### Assignment
Could you reproduce every record below exactly, excluding all pictures?

### Given entries
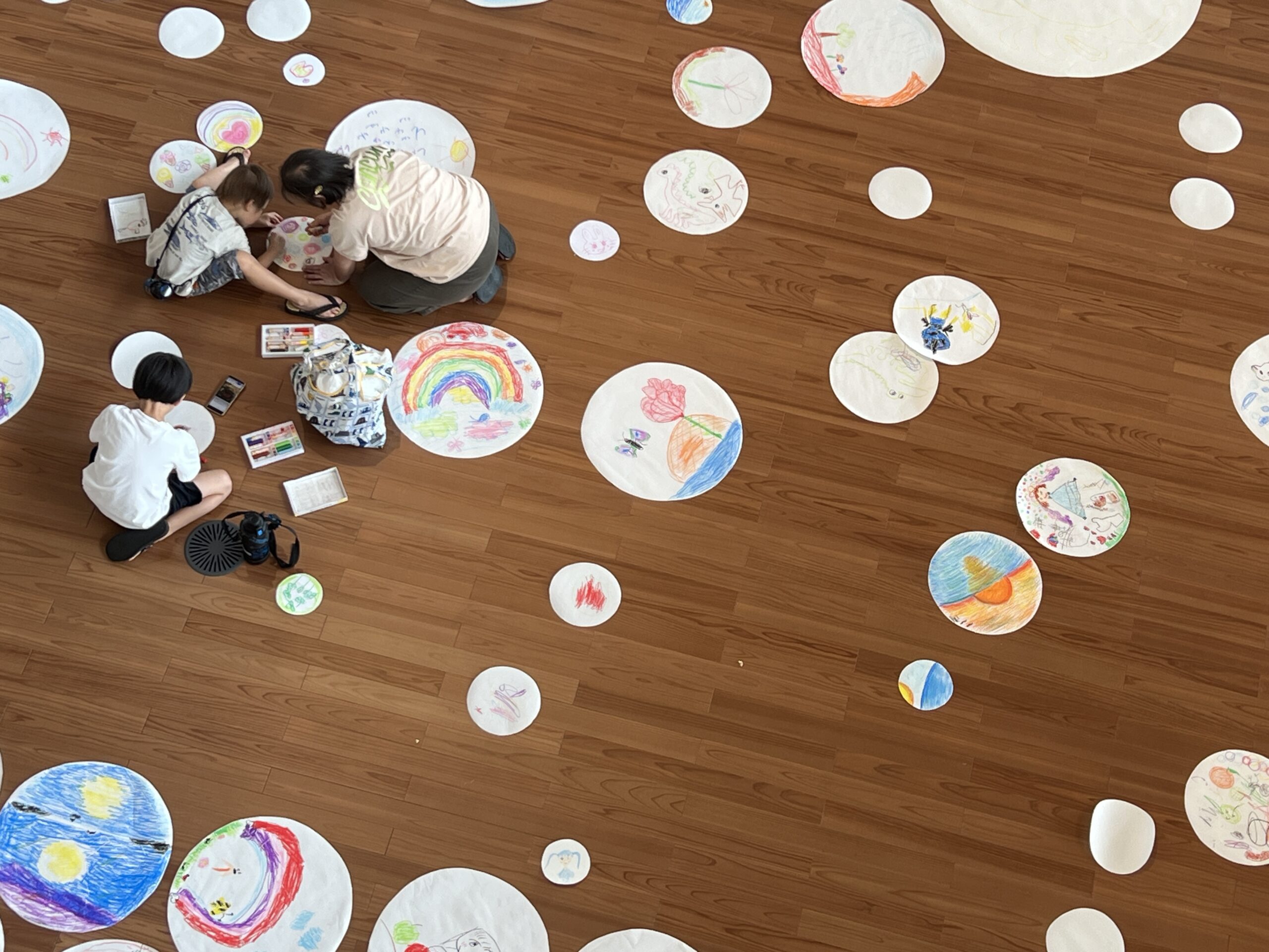 「A.L.L.presents アートのとびらをひらく展覧会シリーズ」の開会に合わせ、ひろまで思いっきりお絵描き(らくがき)をする企画です。敷き詰められた大きな画面に、なに描こう?
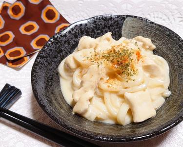 話題のシュクメルリを豆乳で大幅にカロリーカットし、洋風うどんにしました。まろやかでコクがあって、後を引く味です。シュクメルリのソースはアレンジの幅が広いので、パスタに絡めたり、パンにつけて食べたりしてもおいしいです。
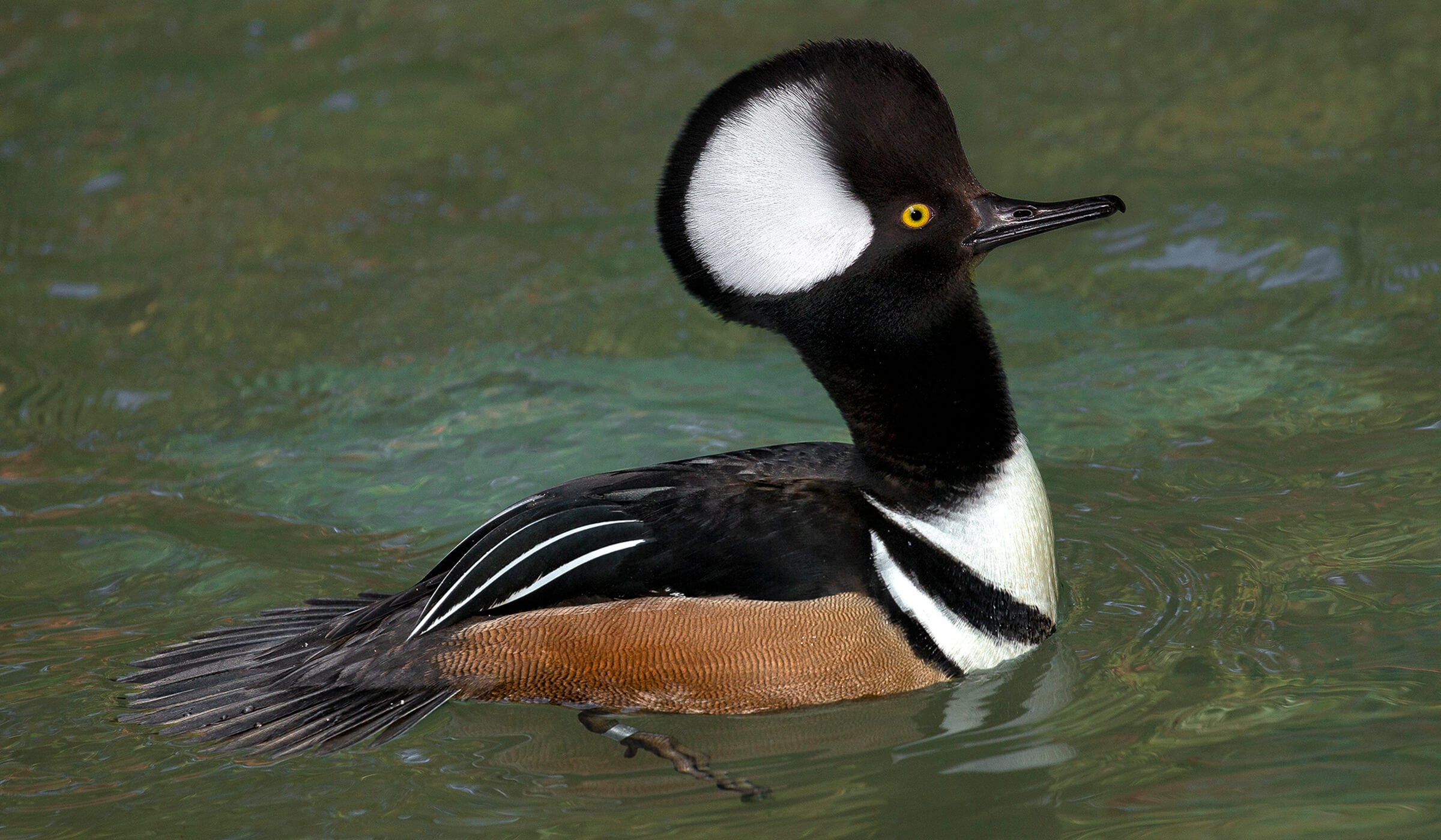HEAD TURNERDuring breeding season, the male hooded merganser expands its fan-shaped, collapsible crest to make its head look even larger—and makes deep, growl-like calls to attract females.[/caption]
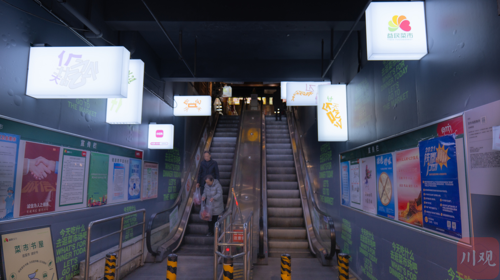 益民菜市长顺街店地处二楼,共有四个通往上行的交通空间。在展览期间,这些顾客出入菜市场的必经之路上安装了灯箱、霓虹灯等视觉装置,完成了与顾客的初步互动体验。
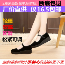 正品舒适厚底老北京布鞋女单鞋黑色高跟布鞋工作鞋跳舞上班鞋坡跟
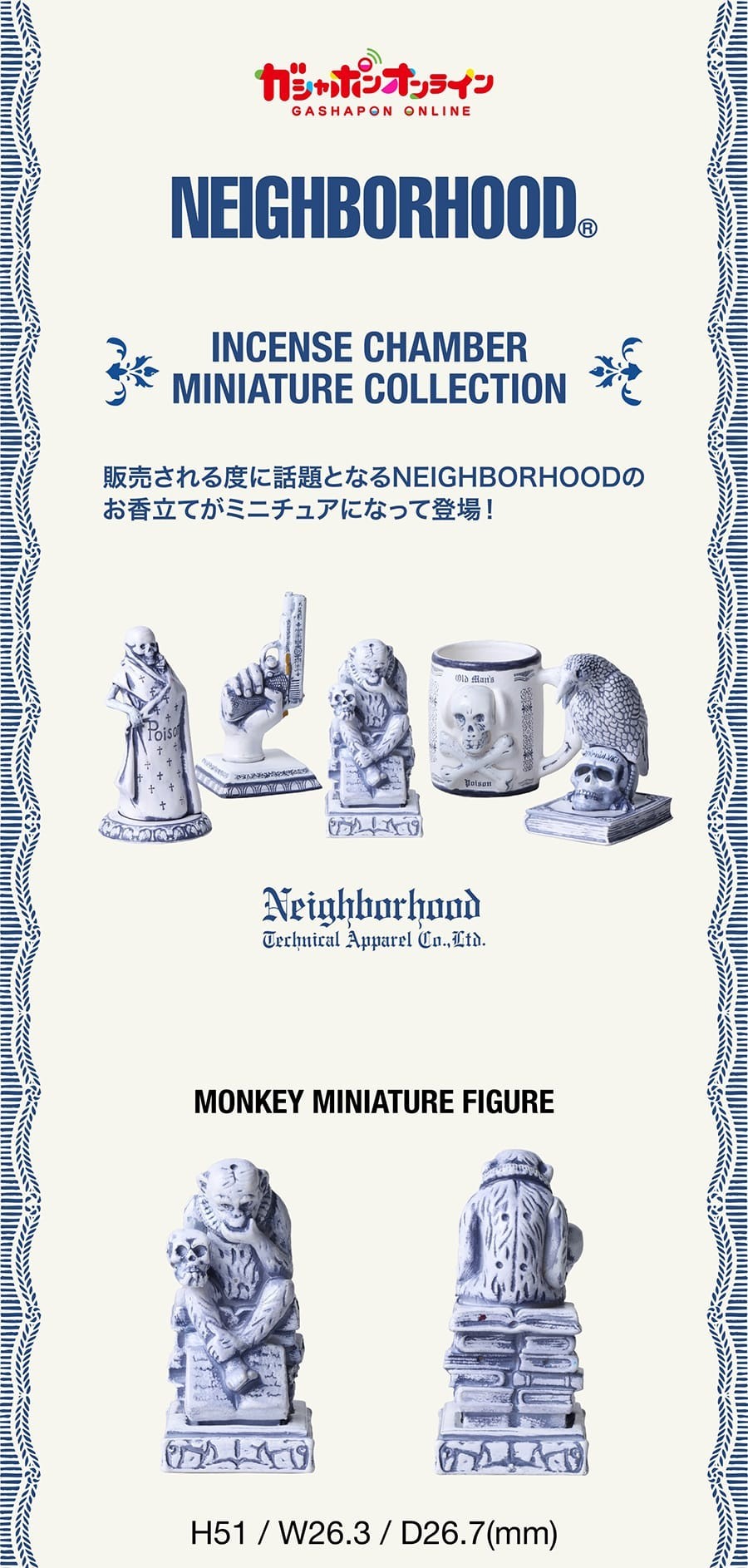 「NEIGHBORHOOD INCENSE CHAMBER MINIATURE COLLECTION」轉蛋,將 NEIGHBORHOOD 人氣卻難入手的線香座收藏品以約 4 公分的轉蛋尺寸再現,讓玩具人能以平價收藏~收錄有:MONKEY、REAPER、CROW、CLT與MUG 五種款式。凝聚原作精髓,將 NEIGHBORHOOD 的工藝精神注入其中,即使是迷你尺寸也講究塗裝與細節刻劃,表現出極佳的質感。雖不能實際作為線香座使用,但也是非常出色的小小裝飾逸品!
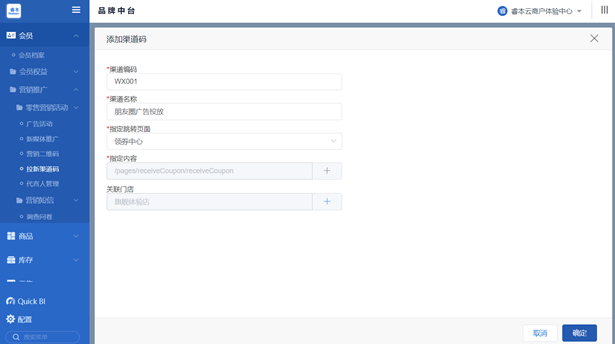 然后填写渠道编码、渠道名称、指定跳转页面、指定内容和关联门店,最后点击「确定」便可生成该渠道的二维码。

### Exercise solution
 「A.L.L.presents アートのとびらをひらく展覧会シリーズ」の開会に合わせ、ひろまで思いっきりお絵描き(らくがき)をする企画です。敷き詰められた大きな画面に、なに描こう?
 話題のシュクメルリを豆乳で大幅にカロリーカットし、洋風うどんにしました。まろやかでコクがあって、後を引く味です。シュクメルリのソースはアレンジの幅が広いので、パスタに絡めたり、パンにつけて食べたりしてもおいしいです。
HEAD TURNERDuring breeding season, the male hooded merganser expands its fan-shaped, collapsible crest to make its head look even larger—and makes deep, growl-like calls to attract females.[/caption]
 益民菜市长顺街店地处二楼,共有四个通往上行的交通空间。在展览期间,这些顾客出入菜市场的必经之路上安装了灯箱、霓虹灯等视觉装置,完成了与顾客的初步互动体验。
 正品舒适厚底老北京布鞋女单鞋黑色高跟布鞋工作鞋跳舞上班鞋坡跟
 「NEIGHBORHOOD INCENSE CHAMBER MINIATURE COLLECTION」轉蛋,將 NEIGHBORHOOD 人氣卻難入手的線香座收藏品以約 4 公分的轉蛋尺寸再現,讓玩具人能以平價收藏~收錄有:MONKEY、REAPER、CROW、CLT與MUG 五種款式。凝聚原作精髓,將 NEIGHBORHOOD 的工藝精神注入其中,即使是迷你尺寸也講究塗裝與細節刻劃,表現出極佳的質感。雖不能實際作為線香座使用,但也是非常出色的小小裝飾逸品!
 然后填写渠道编码、渠道名称、指定跳转页面、指定内容和关联门店,最后点击「确定」便可生成该渠道的二维码。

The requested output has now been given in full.